Deployment on Heroku - StanfordBioinformatics/pulsar_lims GitHub Wiki

This article is about deploying on Heroku for a production instance. You may want to instead test locally for free if you are assessing Pulsar or just want to play around to familiarize yourself with it. The Heroku CLI can be used to test locally via the heroku local command, which is the way that I recommend you test locally. See here for details.

Creating your own Pulsar instance on Heroku

Make sure to have the Heroku CLI installed on your local computer.

Next, clone the current repository to your local workstation:

git clone https://github.com/nathankw/pulsar_lims.git

You need a local checkout when you create your Heroku app, as described below.

A note regarding the web server that Pulsar is configured to use: This repo contains a Procfile in the top-level folder of the repo. Heroku looks for a Procfile in the app's root directory to determine what type of web server to use and how to start it up. If no Procfile is present, then the default web server used will be WEBrick, and you don't want that - it's a single-threaded process and can thus only handle one request at a time. Pulsar LIMS is configured to use the Puma web server by default, as it contains this in its Procfile:

web: bundle exec puma -t 5:5 -p ${PORT:-3000} -e ${RACK_ENV:-development}

Now, in your terminal, cd into the pulsar_lims directory that contains the code you checked out above. Then create an app space on Heroku using the app name of your liking (let's just simply call it "lims" for the sake of this tutorial:

>heroku create lims  
Creating ⬢ lims... done

Creating the app doesn't add the checkout of the codebase yet on the Heroku server. You simply have an app on Heroku called "lims" that just has an empty git repo, which you'll use later on when you do add your codebase. This empty git repo is added as a remote under the name heroku in your local repo.

The web application runs in a dyno, what Heroku defines as a lightweight linux container, which runs on Ubuntu 16.04 (see Heroku stacks for details).

The default dyno type in which your web application runs is the free type. This is too limiting (in terms of physical resources), so go ahead and upgrade it. Below, we upgrade the dyno type to the next level up - the "hobby" type:

heroku dyno:type web=hobby

Above, "web" is specifying the configuration of the dyno (there are web dynos that receive HTTP traffic, worker dynos, and one-off dynos; see See Dyno Configurations). We only have one dyno so far, and that is a web dyno (specified in the Procfile), but we still need to be explicit about which dyno configuration we are scaling up.

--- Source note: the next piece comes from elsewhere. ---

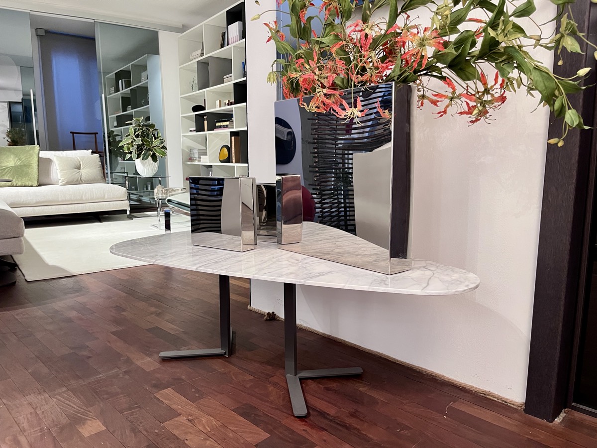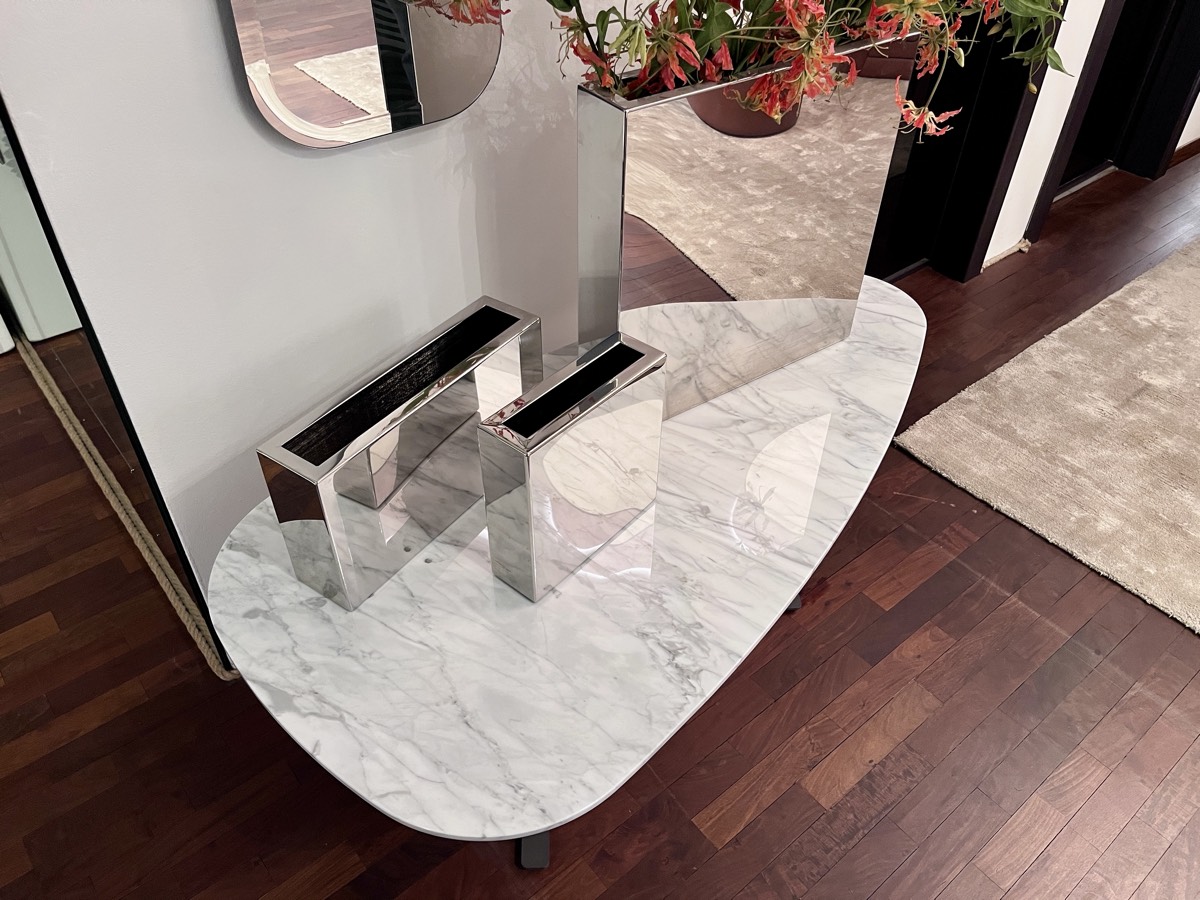 | Colori e materiali | Base in acciaio verniciato goffrato grafite, top in marmo bianco di carrara. |
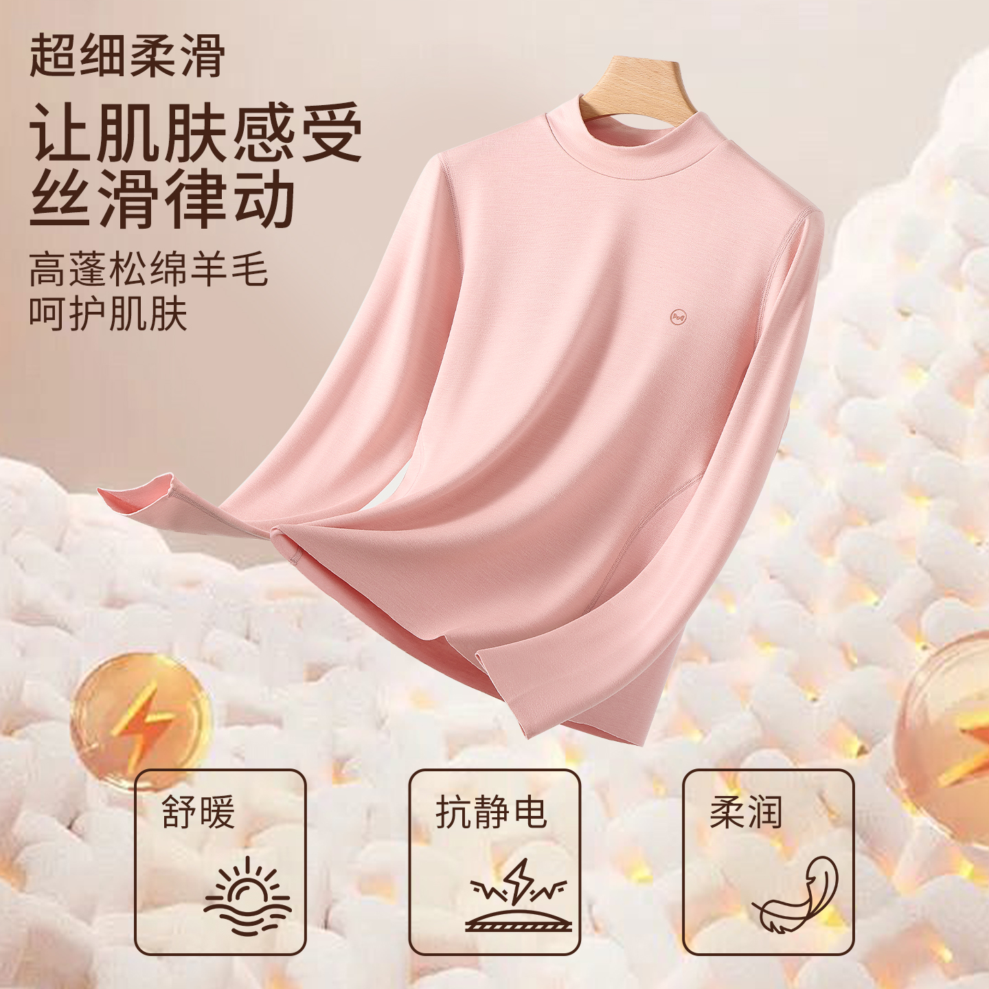 猫人女士半高领保暖内衣2025新款 加绒德绒发热打底内搭上衣 秋冬季

Creating the Postgres database

New Rails apps on Heroku by default get a free Postgres add-on on the first code push. There are many different Postgres pricing plans, and the free one is pretty limited. Therefore, you'll want to scale it up. This should be done before pushing any code to Heroku - with Rails apps on Heroku, all add-ons must be specified before the first release is created.

>heroku addons:create heroku-postgresql:standard-0  
Creating heroku-postgresql:standard-0 on ⬢ pulsar-encode... $50/month  
The database should be available in 3-5 minutes.  
! CAUTION: The database will be empty. If upgrading, you can transfer  
!          data from another database with pg:copy.  
Use `heroku pg:wait` to track status.  
postgresql-concave-14404 is being created in the background. The app will restart when complete...  
Use heroku addons:info postgresql-concave-14404 to check creation progress  
Use heroku addons:docs heroku-postgresql to view documentation  

The database is empty right now, and that's normal.

Getting information about your Postgres database

Details on Postgres database can be acquired with the heroku pg:info command, i.e.:

>heroku pg:info
=== DATABASE_URL
Plan:               Standard 0
Status:             Available
Data Size:          7.2 MB
Tables:             0
PG Version:         9.6.3
Connections:        2/120
Fork/Follow:        Available
Rollback:           earliest from 2017-06-05 00:37 UTC
Created:            2017-06-05 00:35 UTC
Region:             us
Maintenance:        not required
Maintenance window: Mondays 18:00 to 22:00 UTC
Add-on:             postgresql-concave-14404 

PostgreSQL interactive terminal

You can use the standard PostgreSQL interactive terminal, psql, with your database by using the following command:

heroku pg:psql

You must have PostgreSQL locally installed for this to work.

PostgreSQL backups

You can create one-off backups or scheduled backups; see examples of each below.

Manual backup:
heroku pg:backups:capture

starts an immediate backup.

Scheduling a backup:
heroku pg:backups:schedule -a pulsar-encode --at "12:00 America/Los_Angelas"

creates daily backups at noon.

There is a plan-based limit on the number of manual backups that an app can have at any one time, likewise for scheduled backups. For example, the Standard plans limits manual backups to 25. For scheduled backups, the last seven days worth are retained (regardless of plan), and there are also weekly backups whose numbers do differ by plan (the last 4 for Standard plans).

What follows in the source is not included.